Your goal: In the entries that follow, find the line containing "Christmas Mug Gingerbread" and the line containing "Researchers found an", then copy exactly everything from the first through the second except the pictures.

Extracted data:
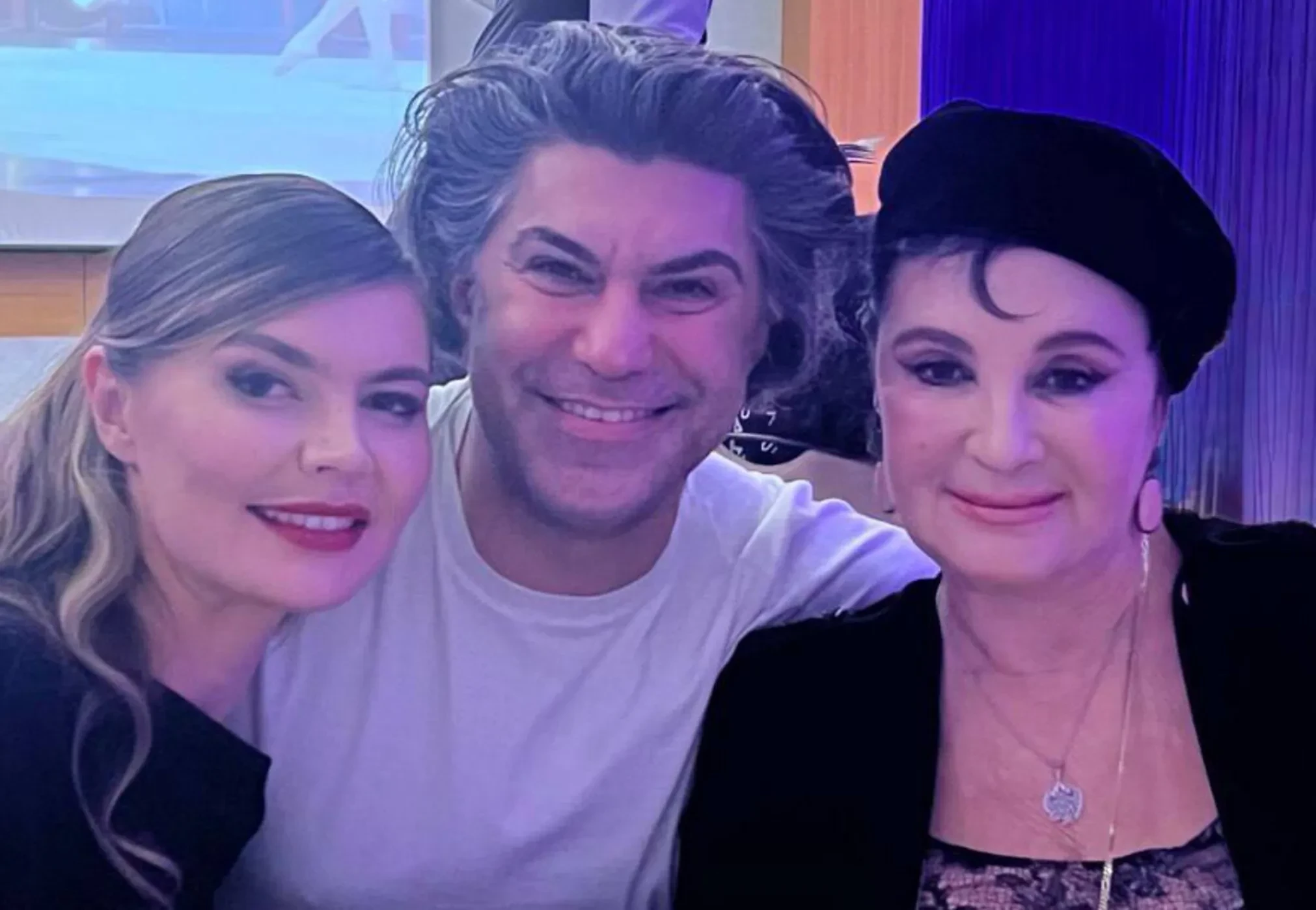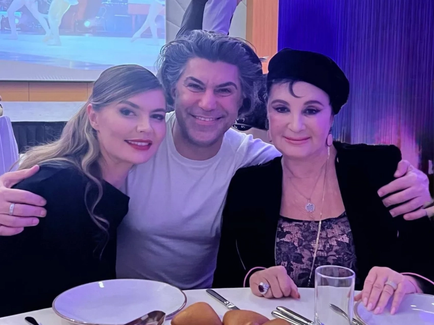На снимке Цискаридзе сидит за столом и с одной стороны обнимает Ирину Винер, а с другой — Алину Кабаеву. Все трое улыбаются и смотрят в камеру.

---

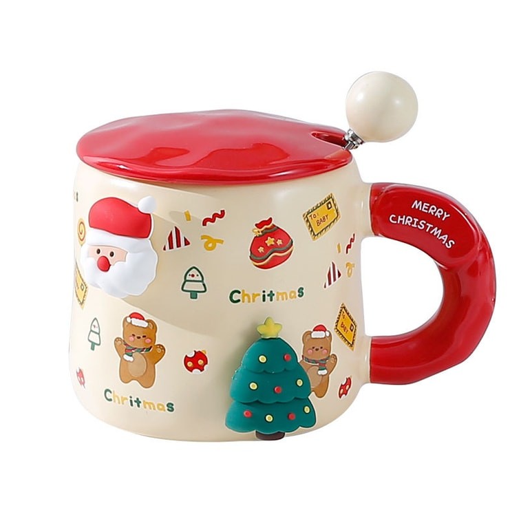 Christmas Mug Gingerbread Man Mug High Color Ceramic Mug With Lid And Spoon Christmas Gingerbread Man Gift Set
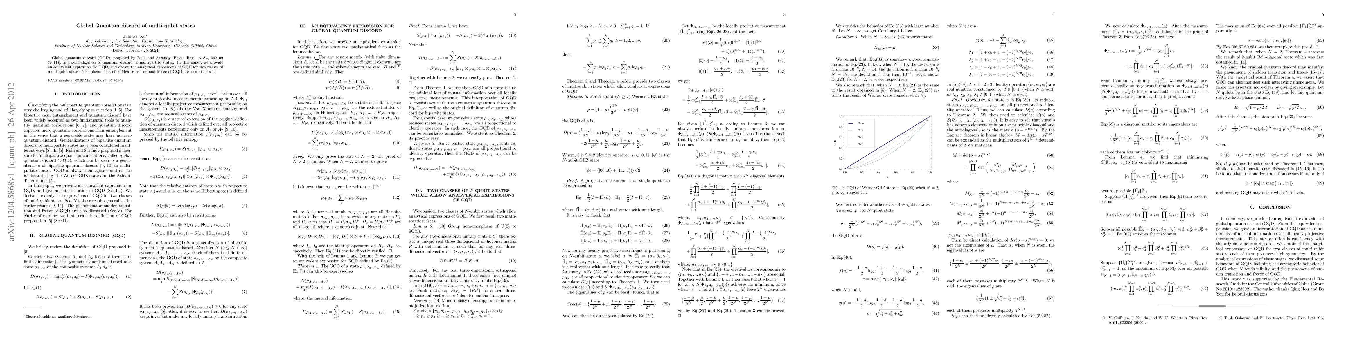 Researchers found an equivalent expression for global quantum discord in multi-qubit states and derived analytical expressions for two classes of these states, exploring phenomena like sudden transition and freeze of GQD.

==

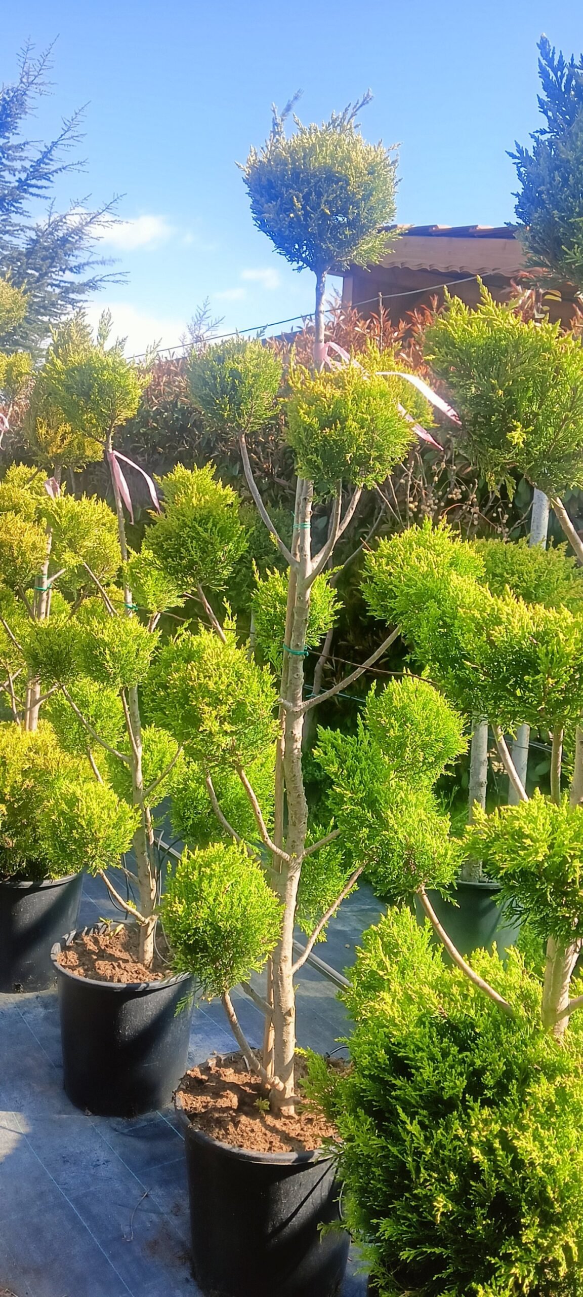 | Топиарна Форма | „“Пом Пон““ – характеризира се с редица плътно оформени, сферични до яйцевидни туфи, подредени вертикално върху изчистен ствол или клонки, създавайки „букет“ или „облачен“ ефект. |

Problem solution:
 Christmas Mug Gingerbread Man Mug High Color Ceramic Mug With Lid And Spoon Christmas Gingerbread Man Gift Set
 Researchers found an equivalent expression for global quantum discord in multi-qubit states and derived analytical expressions for two classes of these states, exploring phenomena like sudden transition and freeze of GQD.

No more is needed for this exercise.